The Recent U.S. Department of Justice Investigation into Credit Rating Agency Transgressions: A Ceremonial Conclusion to a Destructive Period
This post is different to the other
posts of the Financial Regulation Matters Blog, as it represents a preview of
an article that has been accepted for publication. Therefore, the following
post will be, at most, merely illustrative. The article is concerned with
concluding an analysis of the U.S. Department of Justice’s (DoJ) investigation
into the actions of Standard & Poor’s and Moody’s, the two largest credit
rating agencies. In February 2015 the DoJ agreed a settlement package with
S&P for a record $1.375 billion, with S&P settling with private
institutions on the same day (like CalPERS for £135 million); the analysis on
that can be found here (a
pre-published version of an article in print). However, the scale of the
investigation meant that the two massive agencies were to be investigated
separately, and upon settling with S&P the DoJ immediately switched its
sights to Moody’s. This new article, which can be found here in
pre-published form, therefore looks at the conclusion of the DoJ’s
investigation and asks whether it is enough, or even appropriate at all.

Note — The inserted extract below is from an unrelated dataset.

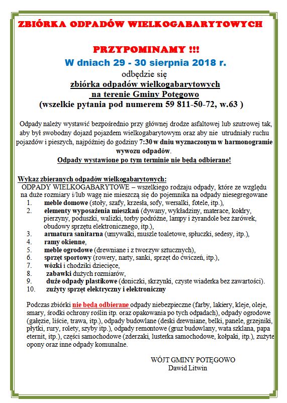 Wójt Gminy Potęgowo informuje, iż w dniu 14 stycznia 2019r. do tutejszego urzędu wpłynęła oferta w trybie art. 19a ustawy z dnia 24 kwietnia 2003r. o działalności pożytku publicznego i o wolontariacie (tekst jednolity Dz. U. z 2018 r. poz. 450)  na wykonanie zadania z zakresu kultury fizycznej pn: ,,Organizacja Międzyszkolnej  Ligi Tenisa Stołowego"

Initially it is worth noting that
the settlement between Moody’s and the DoJ was always going to be much lower
than the settlement between S&P and the DoJ, simply because of Moody’s’
policies to destroy
information more regularly than S&P. One of the key facets of the
post-Crisis ability to pursue legal action against the agencies is the Dodd-Frank
requirement to prove that an agency ‘knowingly or recklessly failed… to conduct
a reasonable investigation..’ – it was easier to prove this with the increased
paper trail at S&P. So, on January 13th 2017, the DoJ announced
that it had agreed
a settlement package with Moody’s for nearly $864 million on behalf of itself
and a number of States. Additionally, the rating agency had, quite remarkably,
admitted to a number of transgressions – a practice which is hardly believable
when one knows the history of these secretive and illusive organisations.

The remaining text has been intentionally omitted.